Demi-lunes (bunds en arc de cercle) à Niouma (Yako), province du Passoré, Burkina Faso ; l’ouverture de chaque arc est orientée vers l’amont.

La demi-lune (en anglais semi-circular bund ou half-moon, parfois eyebrow terrace) est une technique de collecte des eaux de ruissellement et de conservation des sols consistant à construire de petites levées de terre (ou de pierres) en arc de cercle afin de ralentir et de stocker ponctuellement les eaux de pluie pour la production végétale (cultures, fourrages, arbres). La technique est répandue dans les zones arides et semi-arides, notamment au Sahel, pour restaurer des terres dégradées et sécuriser les cultures pluviales lorsque les pluies sont irrégulières. Les extrémités (« cornes ») des demi-lunes sont positionnées sur la courbe de niveau et l’ouverture fait face à la pente pour capter le ruissellement amont[1],[2].

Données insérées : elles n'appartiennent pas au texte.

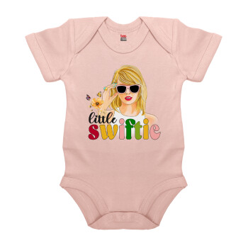 Little Swiftie, Βρεφικό φορμάκι μωρού, 0-18 μηνών, ΡΟΖ POWDER, 100% Organic Cotton, κοντομάνικο

Bien que poursuivant la même finalité (concentrer l’eau), les demi-lunes se distinguent du zaï (trous de plantation plus profonds et ponctuels) par l’échelle et la géométrie de l’ouvrage[3].

La technique est largement documentée au Sahel depuis les années 1980, où elle a été introduite et diffusée dans le cadre de programmes de conservation des eaux et des sols et de lutte contre la désertification[1],[4].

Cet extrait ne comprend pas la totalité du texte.